▸ **Entries shown**
──────

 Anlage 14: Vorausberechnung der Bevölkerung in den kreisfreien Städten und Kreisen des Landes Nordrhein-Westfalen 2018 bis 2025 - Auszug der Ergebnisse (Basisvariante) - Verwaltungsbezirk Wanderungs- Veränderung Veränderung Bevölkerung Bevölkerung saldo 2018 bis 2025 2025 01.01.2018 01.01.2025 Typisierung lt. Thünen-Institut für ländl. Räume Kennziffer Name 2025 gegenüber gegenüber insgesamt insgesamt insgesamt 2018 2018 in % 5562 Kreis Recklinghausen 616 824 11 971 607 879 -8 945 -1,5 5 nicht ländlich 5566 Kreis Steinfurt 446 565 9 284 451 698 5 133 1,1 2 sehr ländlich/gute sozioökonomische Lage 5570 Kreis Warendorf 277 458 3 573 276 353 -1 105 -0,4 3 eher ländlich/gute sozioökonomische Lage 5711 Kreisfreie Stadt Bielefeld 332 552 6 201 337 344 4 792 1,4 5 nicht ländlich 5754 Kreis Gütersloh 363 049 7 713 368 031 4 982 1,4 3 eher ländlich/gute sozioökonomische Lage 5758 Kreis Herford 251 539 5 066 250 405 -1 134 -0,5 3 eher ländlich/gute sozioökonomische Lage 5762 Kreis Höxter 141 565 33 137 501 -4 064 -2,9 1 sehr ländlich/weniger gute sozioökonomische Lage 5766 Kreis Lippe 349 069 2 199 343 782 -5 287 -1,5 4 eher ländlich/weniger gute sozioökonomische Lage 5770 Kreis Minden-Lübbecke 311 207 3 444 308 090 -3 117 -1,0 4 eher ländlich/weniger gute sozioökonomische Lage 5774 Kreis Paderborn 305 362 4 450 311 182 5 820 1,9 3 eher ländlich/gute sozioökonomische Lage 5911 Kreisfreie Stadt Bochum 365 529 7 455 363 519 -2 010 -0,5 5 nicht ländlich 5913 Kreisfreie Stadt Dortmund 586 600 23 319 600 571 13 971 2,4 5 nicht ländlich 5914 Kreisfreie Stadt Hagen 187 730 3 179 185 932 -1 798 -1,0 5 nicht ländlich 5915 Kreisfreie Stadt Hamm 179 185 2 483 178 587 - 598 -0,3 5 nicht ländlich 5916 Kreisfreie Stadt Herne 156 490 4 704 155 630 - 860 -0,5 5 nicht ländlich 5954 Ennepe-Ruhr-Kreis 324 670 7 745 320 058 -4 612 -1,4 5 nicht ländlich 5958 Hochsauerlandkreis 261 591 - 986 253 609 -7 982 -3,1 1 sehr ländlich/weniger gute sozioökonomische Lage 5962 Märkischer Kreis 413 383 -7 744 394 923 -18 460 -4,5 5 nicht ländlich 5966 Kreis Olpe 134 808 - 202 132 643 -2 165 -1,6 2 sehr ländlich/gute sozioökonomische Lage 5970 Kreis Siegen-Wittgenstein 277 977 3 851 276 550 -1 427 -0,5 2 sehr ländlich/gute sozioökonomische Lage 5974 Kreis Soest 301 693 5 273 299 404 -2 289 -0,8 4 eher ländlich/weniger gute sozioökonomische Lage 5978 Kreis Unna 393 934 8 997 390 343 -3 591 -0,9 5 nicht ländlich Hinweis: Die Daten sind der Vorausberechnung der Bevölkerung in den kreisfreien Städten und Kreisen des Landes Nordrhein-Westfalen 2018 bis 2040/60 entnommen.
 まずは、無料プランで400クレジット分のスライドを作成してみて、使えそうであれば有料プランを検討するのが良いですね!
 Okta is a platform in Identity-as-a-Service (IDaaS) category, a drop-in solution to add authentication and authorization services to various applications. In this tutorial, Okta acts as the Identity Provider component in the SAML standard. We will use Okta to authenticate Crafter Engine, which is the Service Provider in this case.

──────

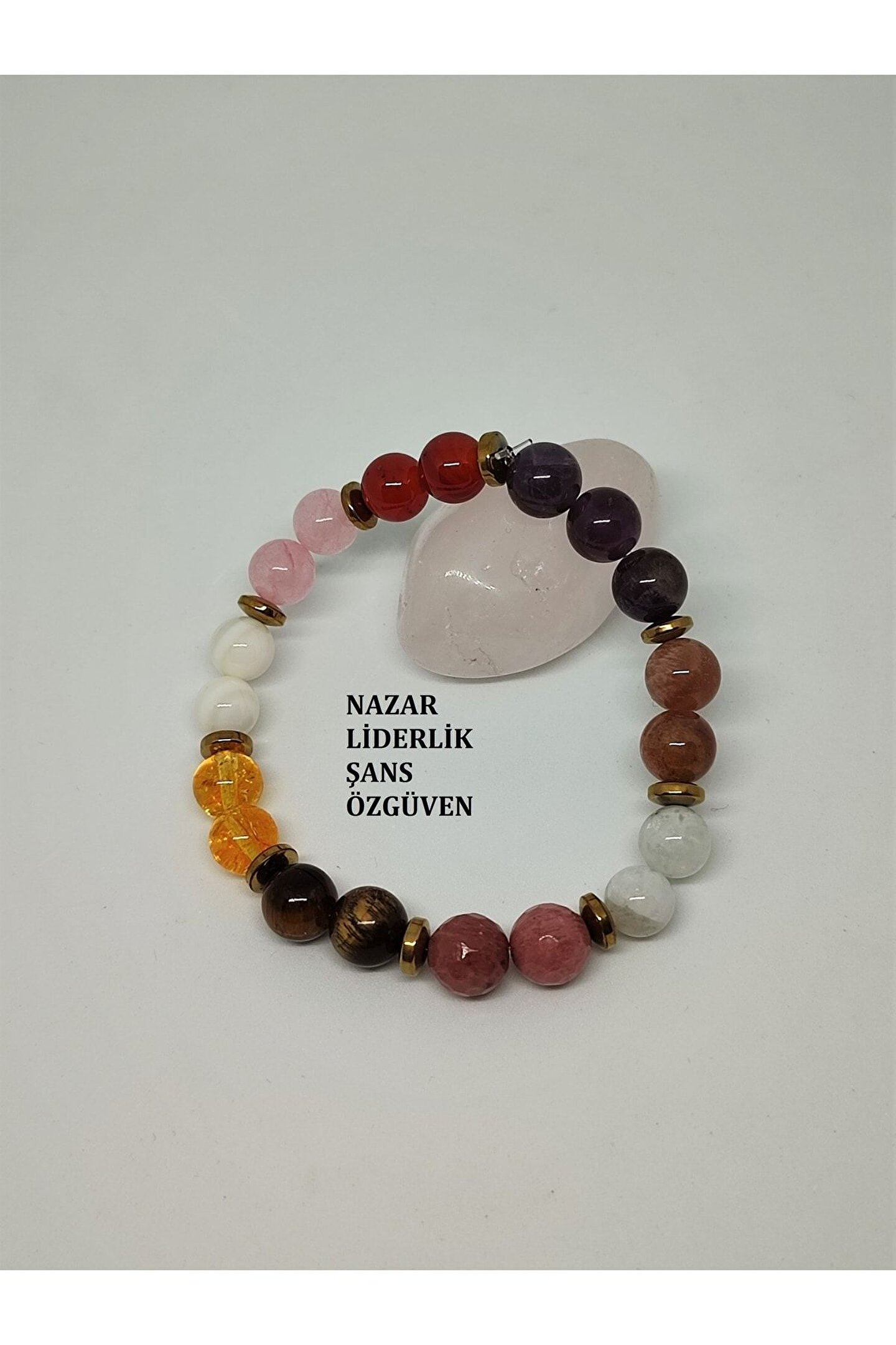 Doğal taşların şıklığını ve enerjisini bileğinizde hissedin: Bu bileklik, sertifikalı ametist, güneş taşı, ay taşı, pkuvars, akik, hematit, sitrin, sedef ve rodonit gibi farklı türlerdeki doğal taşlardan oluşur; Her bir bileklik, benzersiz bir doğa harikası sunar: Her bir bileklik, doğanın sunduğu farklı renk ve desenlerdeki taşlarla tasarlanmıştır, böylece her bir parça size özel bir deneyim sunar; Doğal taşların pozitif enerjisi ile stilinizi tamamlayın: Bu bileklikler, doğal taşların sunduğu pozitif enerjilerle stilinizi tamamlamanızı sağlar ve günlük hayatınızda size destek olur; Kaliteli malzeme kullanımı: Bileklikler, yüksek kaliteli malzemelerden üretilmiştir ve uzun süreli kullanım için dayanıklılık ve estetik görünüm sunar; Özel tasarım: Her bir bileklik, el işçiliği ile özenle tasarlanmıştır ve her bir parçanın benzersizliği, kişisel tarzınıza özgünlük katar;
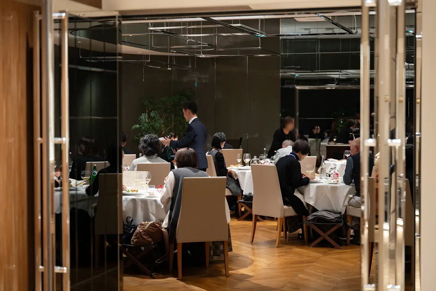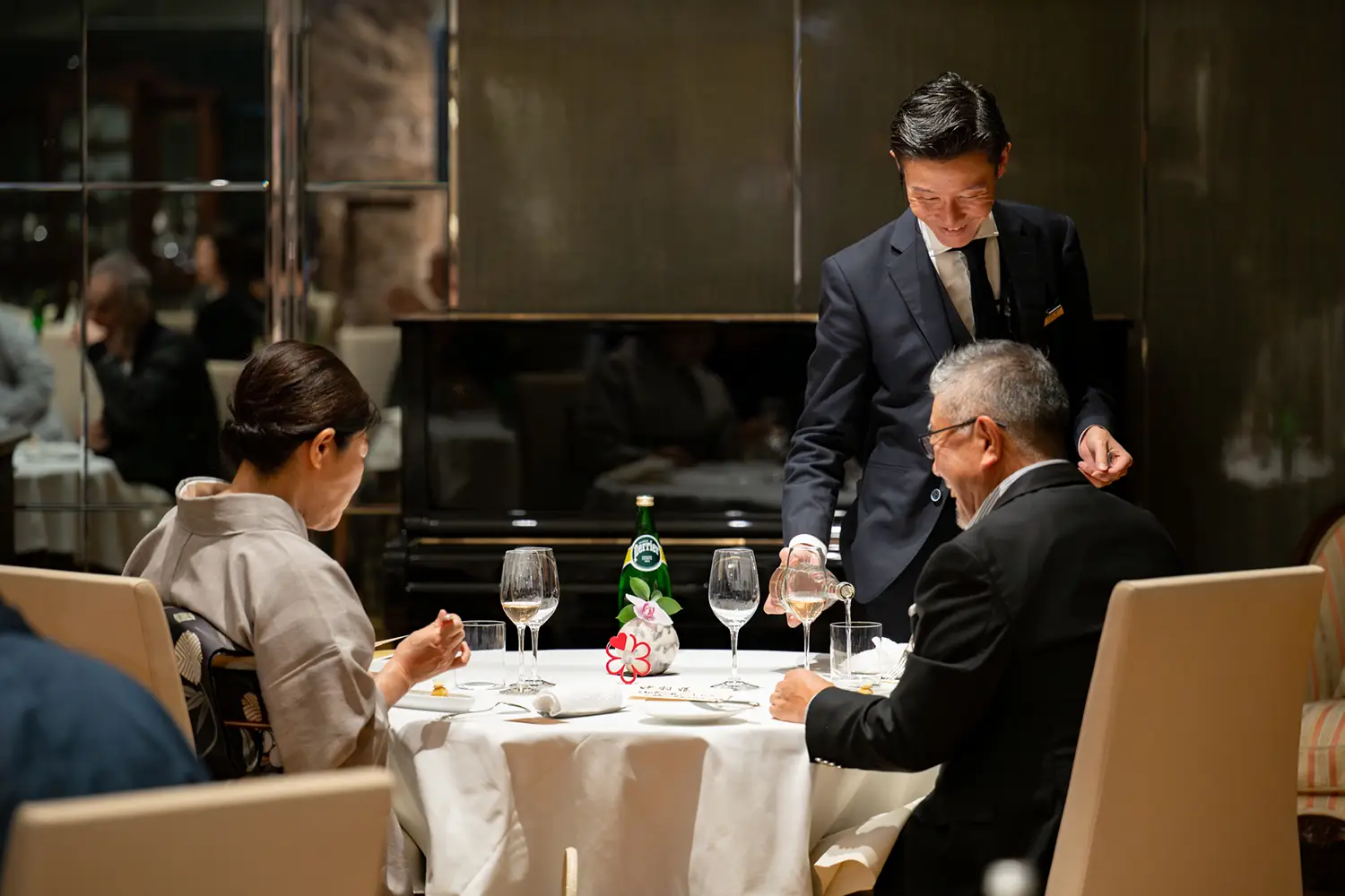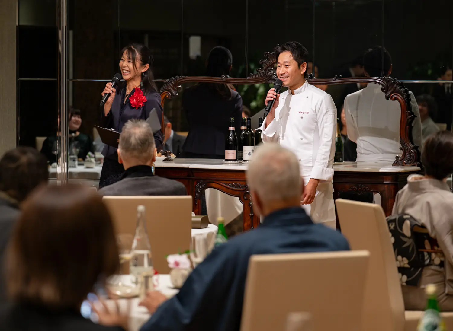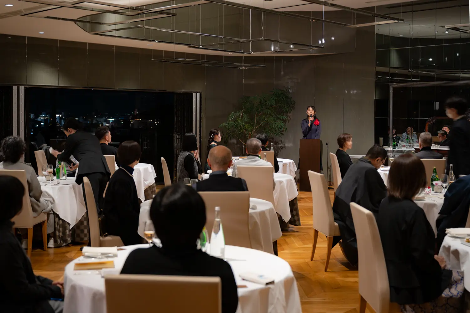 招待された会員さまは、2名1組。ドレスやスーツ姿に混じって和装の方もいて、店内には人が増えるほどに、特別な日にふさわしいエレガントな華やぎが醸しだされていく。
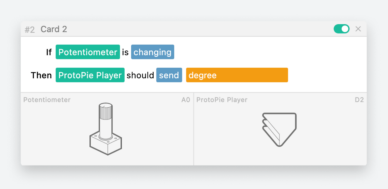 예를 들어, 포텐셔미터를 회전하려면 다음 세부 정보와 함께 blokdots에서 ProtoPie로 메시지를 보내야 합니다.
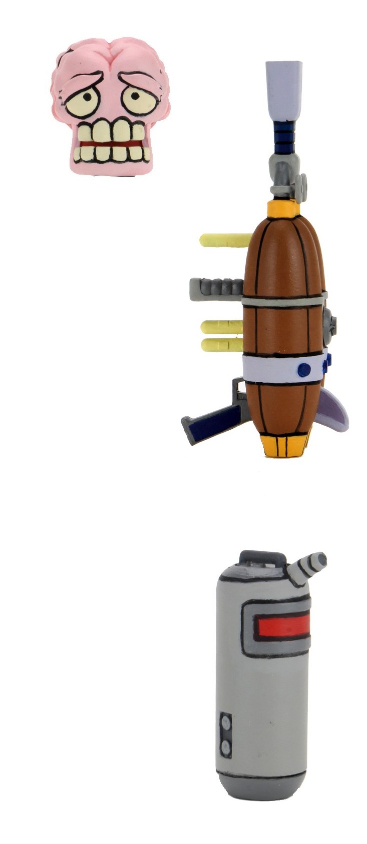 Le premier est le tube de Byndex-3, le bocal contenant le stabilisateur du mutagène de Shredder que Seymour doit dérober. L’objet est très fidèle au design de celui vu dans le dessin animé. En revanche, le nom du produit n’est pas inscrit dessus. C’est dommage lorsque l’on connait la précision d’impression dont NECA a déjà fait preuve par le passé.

──────

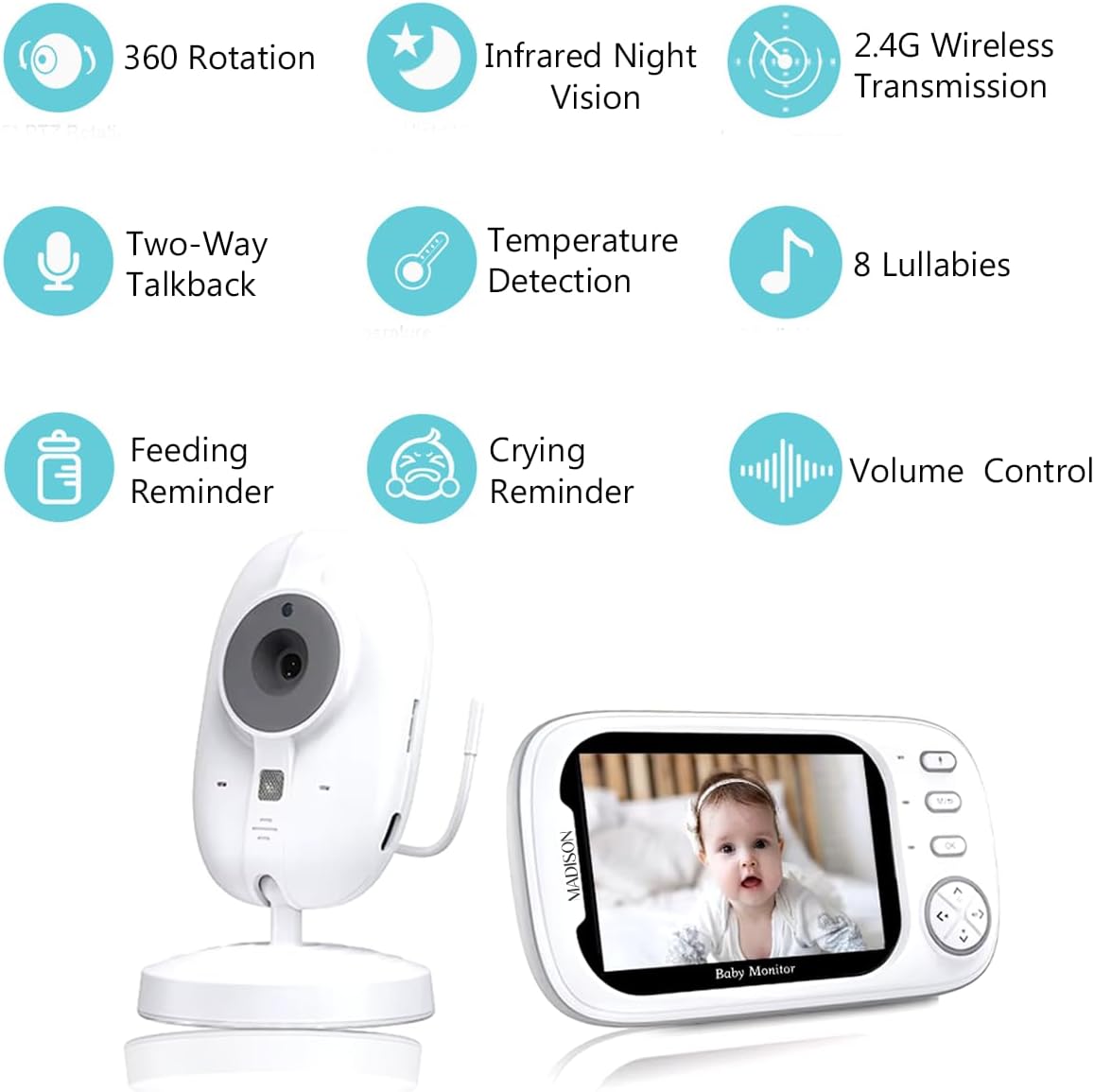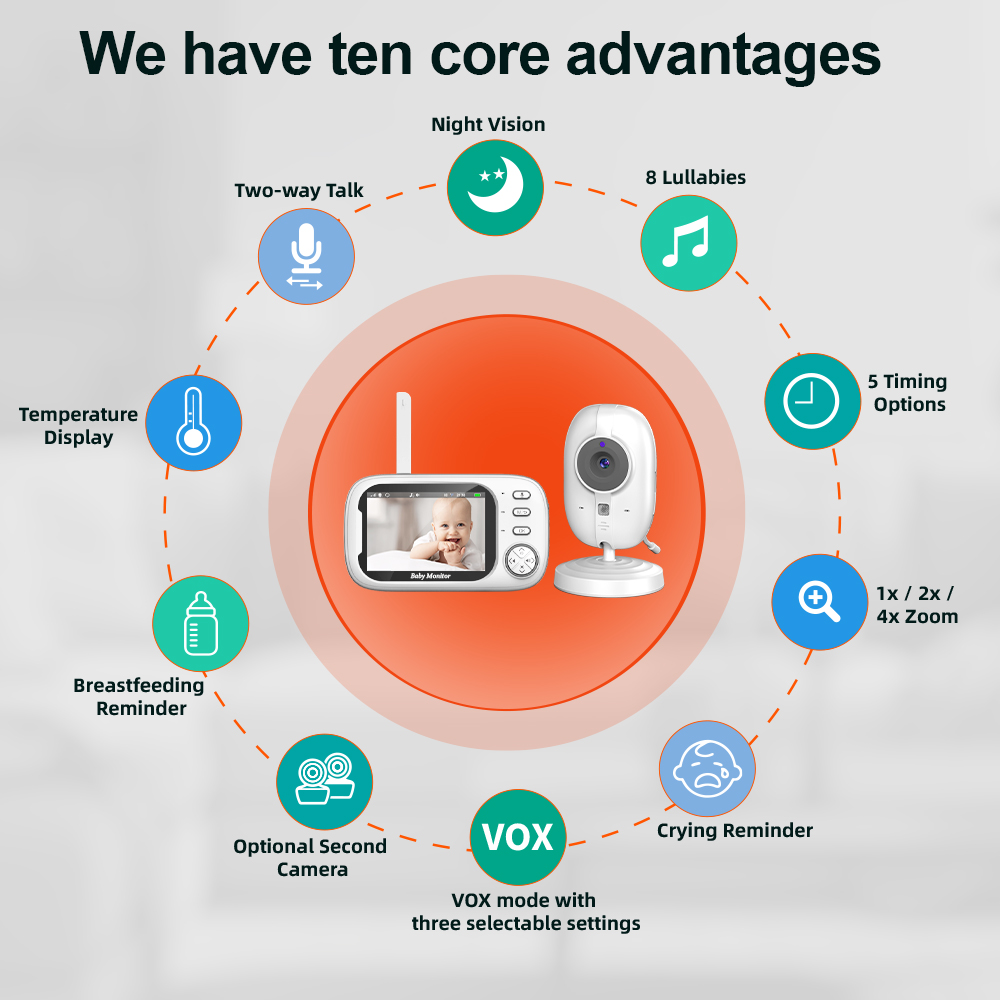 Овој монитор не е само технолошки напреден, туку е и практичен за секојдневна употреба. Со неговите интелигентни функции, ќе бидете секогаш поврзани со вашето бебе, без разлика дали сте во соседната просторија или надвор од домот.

──────

▸ **Problem description**
Write back the stretch of lines above that begins with the line holding "예를 들어, 포텐셔미터를" and ends with the line holding "Le premier est", both included, exactly as written. Pictures stay out.

▸ **Answer to the problem**
 예를 들어, 포텐셔미터를 회전하려면 다음 세부 정보와 함께 blokdots에서 ProtoPie로 메시지를 보내야 합니다.
 Le premier est le tube de Byndex-3, le bocal contenant le stabilisateur du mutagène de Shredder que Seymour doit dérober. L’objet est très fidèle au design de celui vu dans le dessin animé. En revanche, le nom du produit n’est pas inscrit dessus. C’est dommage lorsque l’on connait la précision d’impression dont NECA a déjà fait preuve par le passé.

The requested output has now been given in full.